▶ [TASK OBJECTIVE]: Give again, word for word, the lines below that run from the line with "1 kép PRINTFASHION" through the line with "1. C. Beantworte". Drop the pictures.

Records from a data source
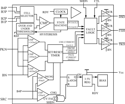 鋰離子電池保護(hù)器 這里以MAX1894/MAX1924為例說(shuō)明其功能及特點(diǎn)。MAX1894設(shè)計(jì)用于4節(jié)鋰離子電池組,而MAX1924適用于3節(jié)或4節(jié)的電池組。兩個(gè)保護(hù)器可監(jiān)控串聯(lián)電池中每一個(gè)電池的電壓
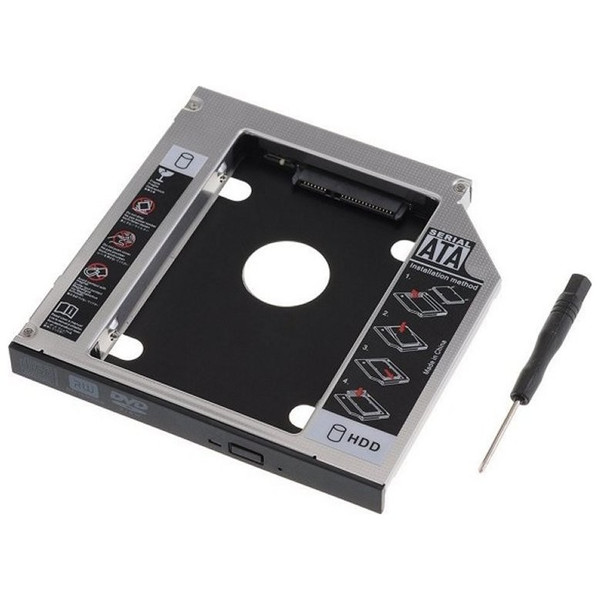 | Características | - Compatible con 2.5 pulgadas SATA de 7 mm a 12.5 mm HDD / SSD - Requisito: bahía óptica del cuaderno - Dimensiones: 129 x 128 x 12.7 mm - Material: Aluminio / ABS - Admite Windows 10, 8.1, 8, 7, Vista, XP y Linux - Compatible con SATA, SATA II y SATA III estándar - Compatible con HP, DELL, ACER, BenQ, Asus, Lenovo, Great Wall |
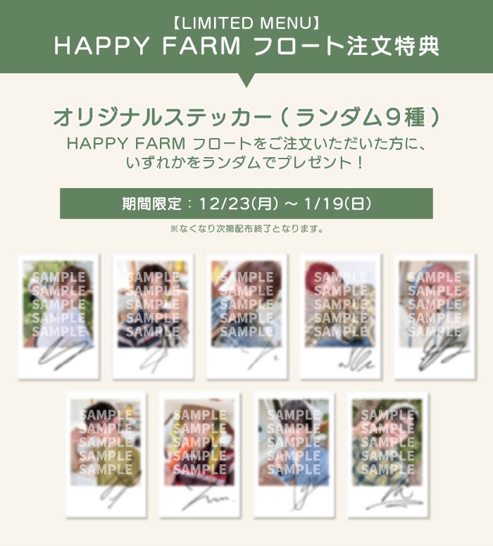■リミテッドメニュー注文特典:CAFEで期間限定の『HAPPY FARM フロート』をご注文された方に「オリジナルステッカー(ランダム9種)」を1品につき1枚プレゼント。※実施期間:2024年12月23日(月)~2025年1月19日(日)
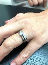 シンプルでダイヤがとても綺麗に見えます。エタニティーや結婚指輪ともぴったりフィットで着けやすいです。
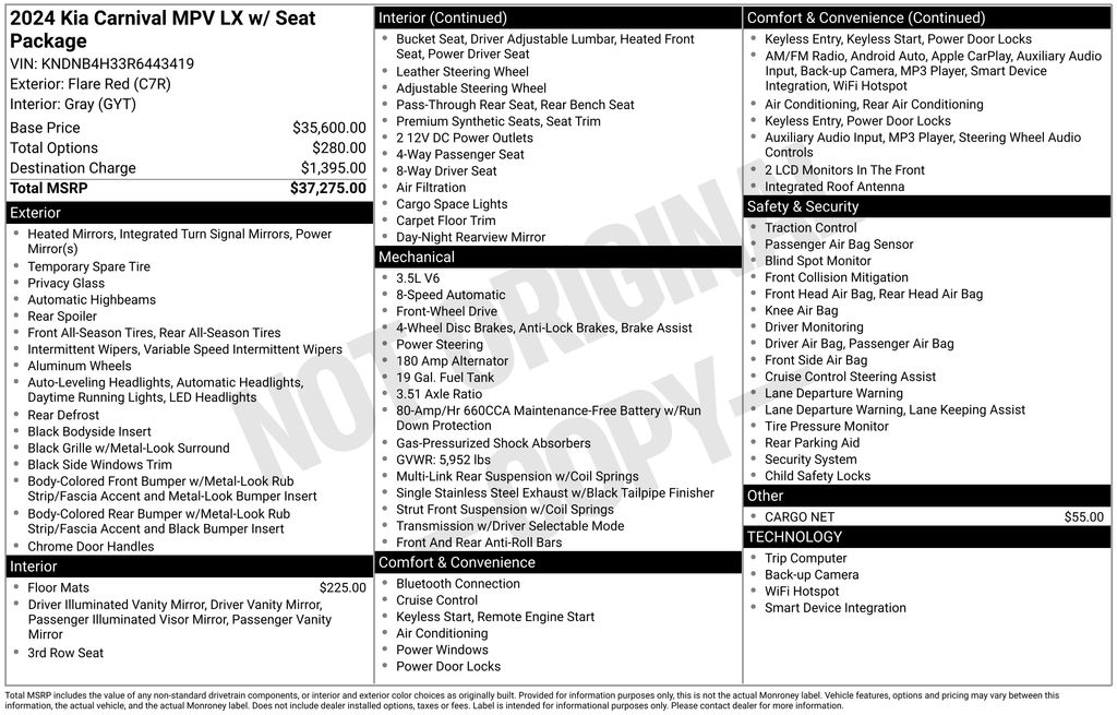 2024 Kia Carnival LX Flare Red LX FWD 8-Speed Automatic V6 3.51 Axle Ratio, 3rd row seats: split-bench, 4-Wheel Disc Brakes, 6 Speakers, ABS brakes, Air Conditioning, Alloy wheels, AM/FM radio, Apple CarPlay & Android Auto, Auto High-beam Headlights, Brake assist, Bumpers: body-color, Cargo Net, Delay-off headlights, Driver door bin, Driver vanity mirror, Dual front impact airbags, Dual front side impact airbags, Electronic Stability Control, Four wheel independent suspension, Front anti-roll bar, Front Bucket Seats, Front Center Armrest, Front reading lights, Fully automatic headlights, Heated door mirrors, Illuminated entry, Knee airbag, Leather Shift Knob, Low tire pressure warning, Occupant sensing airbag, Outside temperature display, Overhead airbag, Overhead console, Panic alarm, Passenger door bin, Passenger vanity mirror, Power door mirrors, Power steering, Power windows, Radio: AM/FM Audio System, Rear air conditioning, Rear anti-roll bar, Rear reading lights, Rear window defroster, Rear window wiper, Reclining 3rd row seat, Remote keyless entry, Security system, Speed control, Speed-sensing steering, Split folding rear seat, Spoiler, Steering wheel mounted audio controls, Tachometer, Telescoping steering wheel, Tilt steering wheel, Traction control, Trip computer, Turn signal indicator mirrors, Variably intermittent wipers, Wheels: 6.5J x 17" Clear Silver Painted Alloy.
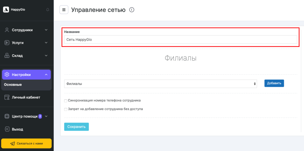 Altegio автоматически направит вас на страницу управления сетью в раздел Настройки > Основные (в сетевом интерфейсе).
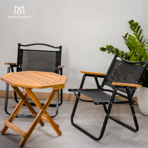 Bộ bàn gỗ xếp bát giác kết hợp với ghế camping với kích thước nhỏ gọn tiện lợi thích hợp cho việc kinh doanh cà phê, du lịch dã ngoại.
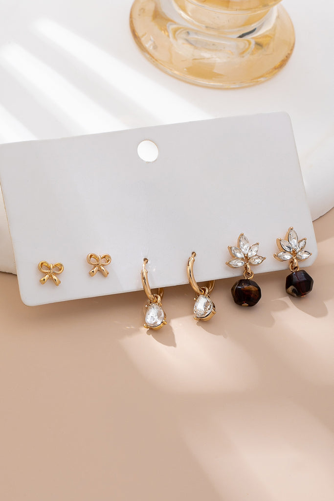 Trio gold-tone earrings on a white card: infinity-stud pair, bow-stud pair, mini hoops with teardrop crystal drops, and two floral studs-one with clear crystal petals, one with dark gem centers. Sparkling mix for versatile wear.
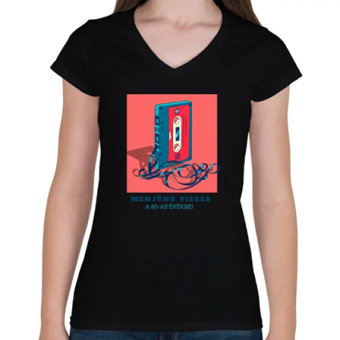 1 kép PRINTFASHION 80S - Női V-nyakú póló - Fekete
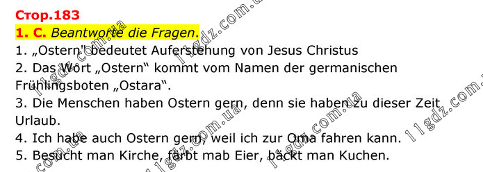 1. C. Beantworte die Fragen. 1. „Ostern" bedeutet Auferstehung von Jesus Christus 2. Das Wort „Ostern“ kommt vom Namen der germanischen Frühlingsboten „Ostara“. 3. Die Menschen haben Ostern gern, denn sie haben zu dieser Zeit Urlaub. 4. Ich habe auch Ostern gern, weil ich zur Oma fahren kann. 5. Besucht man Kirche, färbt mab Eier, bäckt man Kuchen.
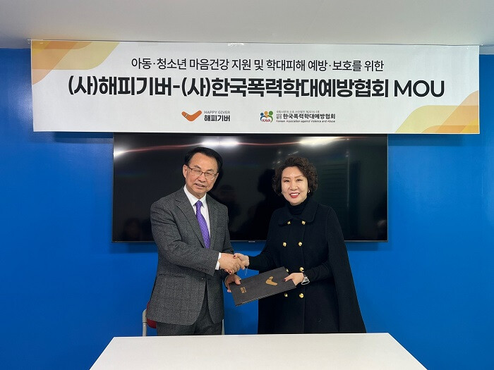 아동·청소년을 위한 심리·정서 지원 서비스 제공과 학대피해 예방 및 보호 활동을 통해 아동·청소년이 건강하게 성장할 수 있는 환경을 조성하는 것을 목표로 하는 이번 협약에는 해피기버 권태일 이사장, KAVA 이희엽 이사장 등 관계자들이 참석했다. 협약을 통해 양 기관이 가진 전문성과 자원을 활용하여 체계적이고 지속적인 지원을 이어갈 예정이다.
--
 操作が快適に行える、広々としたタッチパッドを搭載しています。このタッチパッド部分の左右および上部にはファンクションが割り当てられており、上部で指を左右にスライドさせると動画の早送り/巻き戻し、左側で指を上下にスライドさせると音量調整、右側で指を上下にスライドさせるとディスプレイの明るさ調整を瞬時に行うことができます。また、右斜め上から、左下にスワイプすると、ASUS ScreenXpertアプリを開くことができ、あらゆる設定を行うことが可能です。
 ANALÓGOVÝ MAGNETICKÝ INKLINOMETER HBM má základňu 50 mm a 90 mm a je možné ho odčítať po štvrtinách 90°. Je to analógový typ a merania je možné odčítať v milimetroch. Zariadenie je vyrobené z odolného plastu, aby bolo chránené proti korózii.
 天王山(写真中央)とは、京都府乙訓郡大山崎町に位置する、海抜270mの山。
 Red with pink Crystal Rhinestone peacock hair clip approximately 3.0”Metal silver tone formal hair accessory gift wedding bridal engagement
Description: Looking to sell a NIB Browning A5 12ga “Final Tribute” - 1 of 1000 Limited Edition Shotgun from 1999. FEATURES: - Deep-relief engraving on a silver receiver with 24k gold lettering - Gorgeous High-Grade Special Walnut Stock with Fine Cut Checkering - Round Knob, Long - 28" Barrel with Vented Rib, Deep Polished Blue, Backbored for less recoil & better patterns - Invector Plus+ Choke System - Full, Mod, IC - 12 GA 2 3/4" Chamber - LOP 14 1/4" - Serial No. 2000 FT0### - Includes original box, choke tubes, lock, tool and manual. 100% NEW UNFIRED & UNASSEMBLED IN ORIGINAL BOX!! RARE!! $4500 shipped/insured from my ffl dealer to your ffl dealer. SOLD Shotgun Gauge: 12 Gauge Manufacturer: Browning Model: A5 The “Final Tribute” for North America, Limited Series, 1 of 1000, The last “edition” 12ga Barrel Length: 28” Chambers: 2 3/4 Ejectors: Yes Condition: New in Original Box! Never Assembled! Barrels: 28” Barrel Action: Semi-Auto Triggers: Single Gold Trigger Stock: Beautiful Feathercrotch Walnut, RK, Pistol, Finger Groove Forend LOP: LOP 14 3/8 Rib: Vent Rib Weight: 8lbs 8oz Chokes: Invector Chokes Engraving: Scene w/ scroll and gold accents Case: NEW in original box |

▶ [COMPLETED EXERCISE]:
 1 kép PRINTFASHION 80S - Női V-nyakú póló - Fekete
 1. C. Beantworte die Fragen. 1. „Ostern" bedeutet Auferstehung von Jesus Christus 2. Das Wort „Ostern“ kommt vom Namen der germanischen Frühlingsboten „Ostara“. 3. Die Menschen haben Ostern gern, denn sie haben zu dieser Zeit Urlaub. 4. Ich habe auch Ostern gern, weil ich zur Oma fahren kann. 5. Besucht man Kirche, färbt mab Eier, bäckt man Kuchen.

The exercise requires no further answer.